Mark your calendar, grab your friends, and head to Sonny's Pizza on November 19th at 7:00 pm for our reading featuring Chet'la Sebree reading alongside nine local writers in fiction, nonficiton, and poetry including our Author's Corner Spotlights Tamar Shapiro and Charlotte Taylor Fryar!
Whether you're a bookworm, an inspiring writer, or just enjoy listening to stories, The Inner Loop readings have something for everyone. Our mission is to create an inclusive writing community in DC, so we encourage you to grab some food, a drink, and meet other literature lovers. We can't wait to see you there!
Learn more about our featured reader:
Chet'la Sebree (pronounced: SHAY-la) is the author of Blue Opening, forthcoming from Tin House in September 2025. She is also the author of Field Study (FSG Originals, June 2021), winner of the 2020 James Laughlin Award from the Academy of American Poets, and Mistress, which was nominated for an NAACP Image Award for Outstanding Literary Work-Poetry (2020). Her debut essay collection about her relationship to home, heritage, and belonging through domestic and international travel is forthcoming from The Dial Press in 2026.
Raised in the Mid-Atlantic, she earned an MFA in Creative Writing, with a focus in poetry, from American University. For her work, Chet’la has received fellowships from Baldwin for the Arts, the DC Commission for the Arts & Humanities, the Delaware Division of the Arts, the Hawthornden Foundation, Hedgebrook, the Hermitage Artist Retreat, MacDowell, the Robert H. Smith International Center for Jefferson Studies, the Stadler Center for Poetry, the Vermont Studio Center, and Yaddo. Chet’la’s poetry and prose have appeared in Guernica, Lit Hub, The New Republic, Pleiades, Poetry International, The Yale Review. Among her other publications, her essays and poems have been anthologized in Dr. Ibram X. Kendi & Dr. Keisha N. Blain’s Four Hundred Souls: A Community History of African America, 1619-2019, Kwame Alexander’s This Is the Honey: An Anthology of Contemporary Black Poets, and Picturing Black History: Photographs and Stories That Changed the World.

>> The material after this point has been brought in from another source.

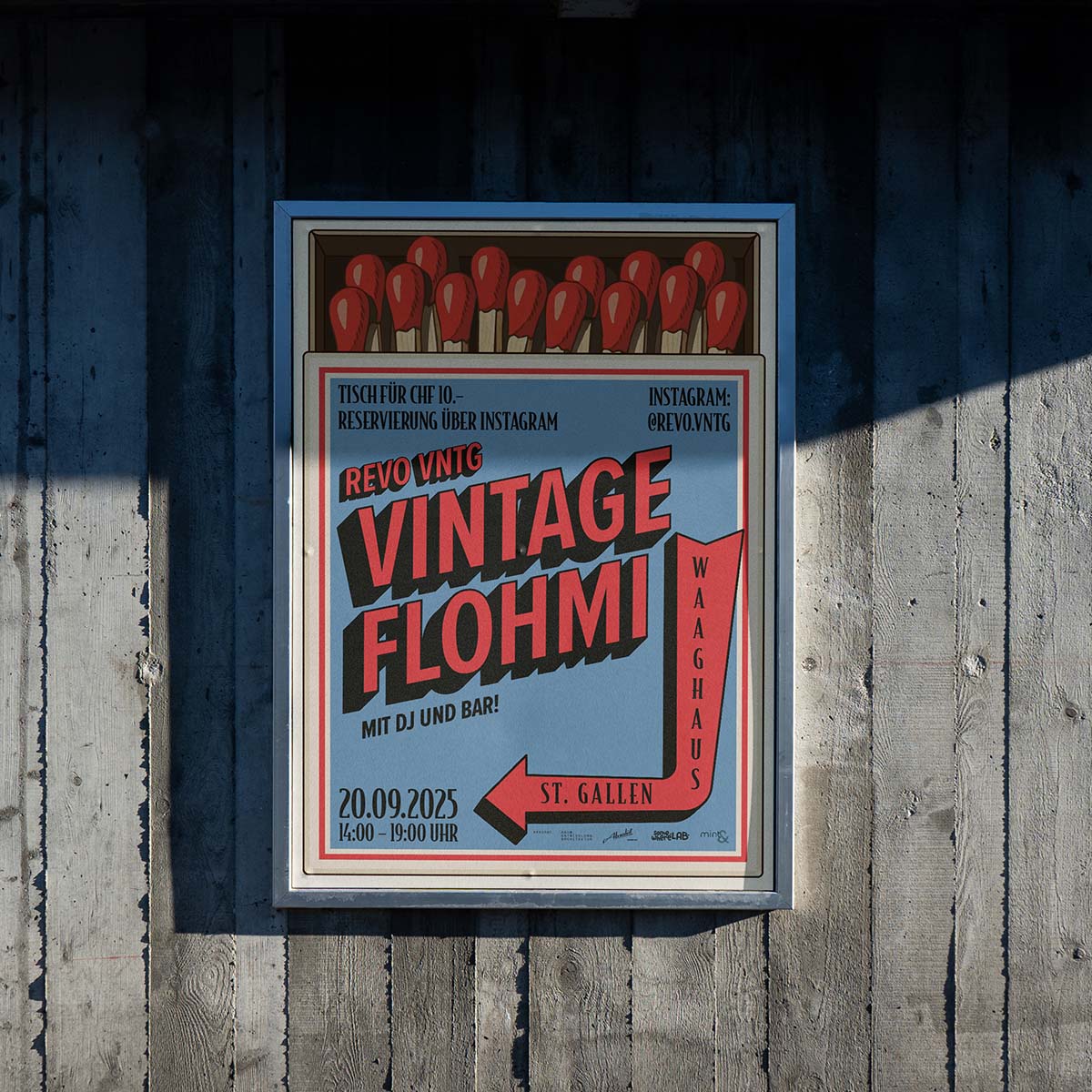 Revo VNTG hosted its first Vintage Flea Market at the Waaghaus in St. Gallen. At Absolut Agency, I had the pleasure of designing the event poster and shaping its overall visual presence. We developed the branding, communication, and merchandise for an event that reimagines vintage culture and amplifies the scene with fresh energy. The market featured curated brands such as Demond, FREITAG, and Serving Silver, bringing together a community that blends sustainability, street culture, and contemporary design. Client: Revo VNTG Project: Client work at Absolut Agentur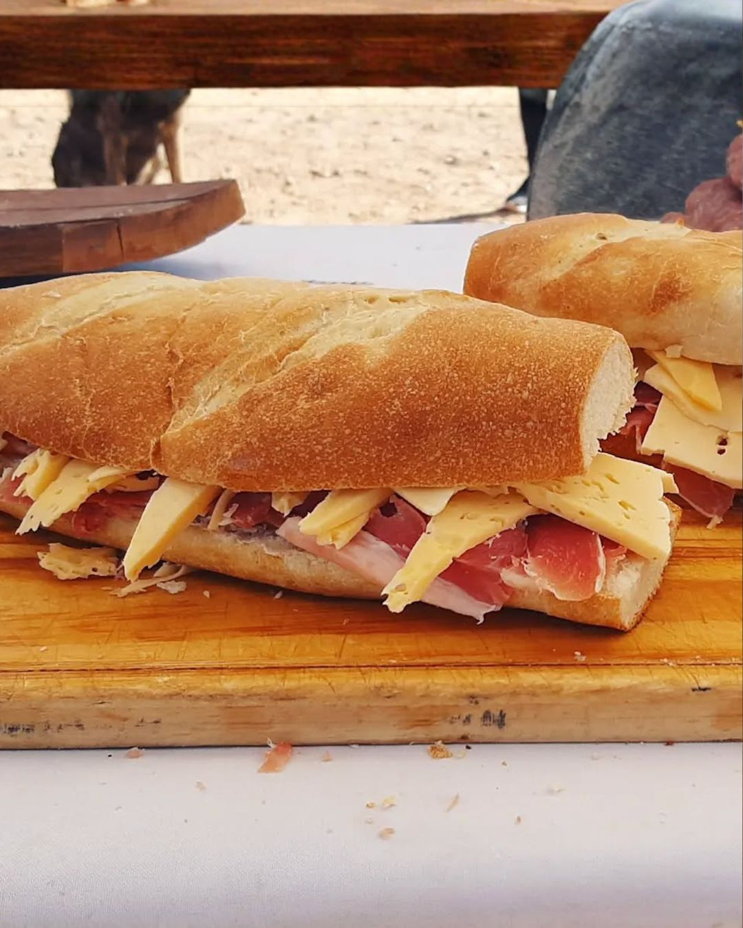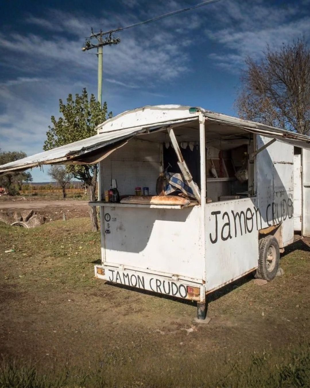 Al hablar de jamón crudo y ruta, también se viene a la mente (rápidamente) dos puestos más pero en zonas distintas así que se pueden probar todas. En la esquina de Cobos y Ruta 7 hay otro carrito, uno blanco, el que recomendó -nada más ni nada menos- que el New York Times. En el mostrador se ve un pan casero gigante, el cual van rebanando cada vez que alguien pide una rodaja para llevar. Las untan con aceite de oliva y ajo y las rellenan con varias fetas de jamón casero que van cortando en el momento. Tienen tamaño individual y uno extra grande para compartir. Edgardo y su familia reciben a todos los que frenan allí con una gran sonrisa.

In addition to her individual practice, she has collaborated with several artists including photographer Shannon Woodloe, with whom she developed a poetry and photography exhibition in conversation with Mistress called 405.
Currently, Chet’la is an assistant professor of English at George Washington University and teaches in the Low-Residency MFA program at Randolph College.
Learn more about our Author's Corner Spotlights:
Tamar Shapiro was raised in both the U.S. and Germany and now lives in Washington, DC with her husband, two children, and the world’s best dog. While writing her first novel, Restitution, Shapiro attended the Iowa Writers’ Workshop Summer Program and the Bread Load Writers’ Conference in Vermont, as well as year-long novel workshops at StoryStudio Chicago and the Writer’s Center in Bethesda. A former housing attorney and non-profit leader, she is a 2026 MFA candidate at Randolph College in Virginia.
Charlotte Taylor Fryar is a writer, historian, educator, and herbalist. She holds a PhD in American Studies from the University of North Carolina at Chapel Hill and lives in Glen Echo, Maryland, less than seven hundred feet from the banks of the Potomac River. Potomac Fever: Reflections on the Nation’s River (forthcoming from Bellevue Literary Press in March 2025) is her first book. You can find out more at her website: charlottetaylorfryar.com.